⑥
旅慣れる見通しは、楽観的過ぎたらしい。今度はガゼットが反省することになった。朝、伸びをしてすっきりと目覚め、隣のベッドに眠るリーレンの様子を見ると、布団の中で身を屈めて震えていた。顔は真っ赤で、熱があるようだ。波のように寄せては返す記憶が、一瞬凍り付く。
「リーレン?」
額に当てられた掌を冷たく感じ、リーレンは気が付いて薄く目を開けた。
「ガゼット? おはよう……」
目覚めるなり、不安げな顔で目の前にいるガゼットに首を傾げる。やけに寒い朝だと思いながら身を起こそうとすると、腕に力が入らない。
「あ、無理しないで。具合が悪いんじゃないか」
「いいえ、そんなこと……うっ」
頭が痛いし、ふらつく。ようやく自分の状態を理解し、元通り横になる。
「昨日は、なんともなかったのに」
「町に落ち着いて緊張が解れたんだ。溜まった疲れが一度に出ただけさ。休んだ方がいい」
「でも……」
西の山にある穴のことは、昨晩話題になった。それを気にしているのはわかるが、ガゼットはリーレンにしっかりと布団をかぶせる。
「我が身を二の次にするのはいけないな。目的のために生き残りたいなら、休む以外に選択の余地はないよ」
焦り過ぎだと、目で言われた。
(その通りよ、頭ではわかっているの。平原の穴でもっと封印の効果があれば、少しは楽だったけど……理解されないことよね。彼に導管知覚はないのだから)
多少の不満は残るものの、起き上がる元気は無い。確かに今は休むべき時だ。水をもらってくると部屋を出て行くガゼットの背中を見て、リーレンは大人しく瞼を閉じた。
急な環境の変化に付いて行けなかった。普通の町娘として過ごしていたならそうだろうが、リーレンは旅を見越して準備を整えたつもりでいたから、寝込んでしまったのが悔しい。それは、あまり抱いた事のない感情だった。
(早く順応しなくては。導管知覚も、もっと研ぎ澄まして。そうすれば、道は照らされる)

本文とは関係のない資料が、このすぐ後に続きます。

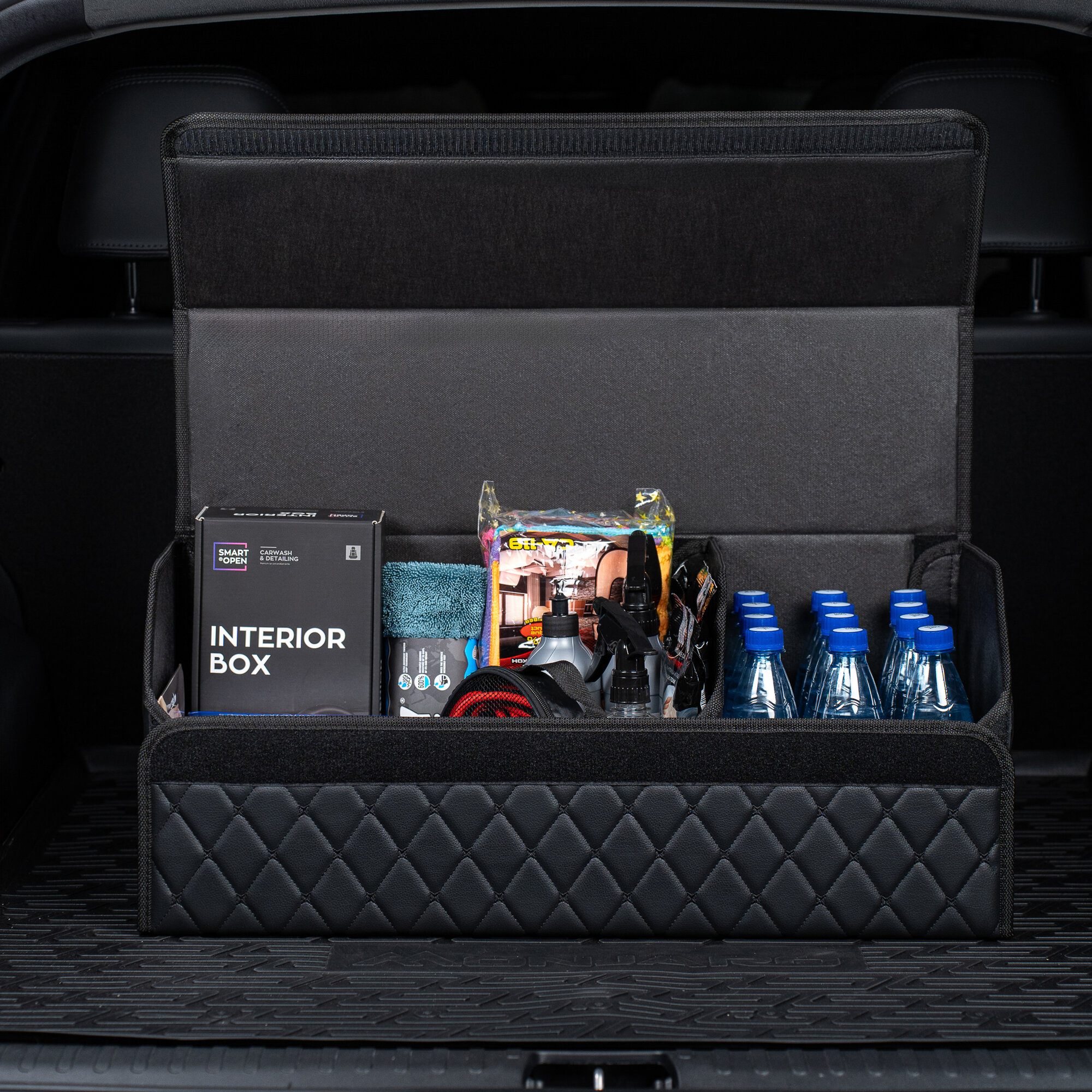 Саквояж в багажник автомобильный эко кожа черная синий ромб, объем 45 л

また悪夢をうなされそうな気がしたが、リーレンは深く眠り、夢も見なかった。
ガゼットはそんなリーレンの傍で、額を冷やす濡れ布巾を時々取り替えたり、顔色を確かめたりしながら過ごした。そのうち、彼の中に蘇った記憶も落ち着いてくる。
高位神に定められた、全ての対極は嘘だったのだ。確かにガゼットは自由に生きてきたが、それを司るなど驕りだった。役割はあてがわれただけ。手と手を触れて心が通じたからといって、精神を壊すことはない。現に、彼とリーレンは神であった時分に手を触れたが、こうして自我を保っている。
(俺達はまだ、命があるけど。嘘を崇めて何代も生き、死んできた人間は……それでも幸せなのかな)
人生は分かれ道だらけ。生まれ落ちた世界が嘘で固められていたら、選べる道が半分くらいになってしまうのではないか。終わった生は仕方ないとも思うが、これからを変えることはできる。
(真実を広めるか、手がかりを残すか。どう生きるかは旅の中で決めようか)
神界の更に上、天界に住む賢人の記憶まで全てを思い出す頃には、リーレンの熱も下がった。彼女が寝込んでから二日が経っていた。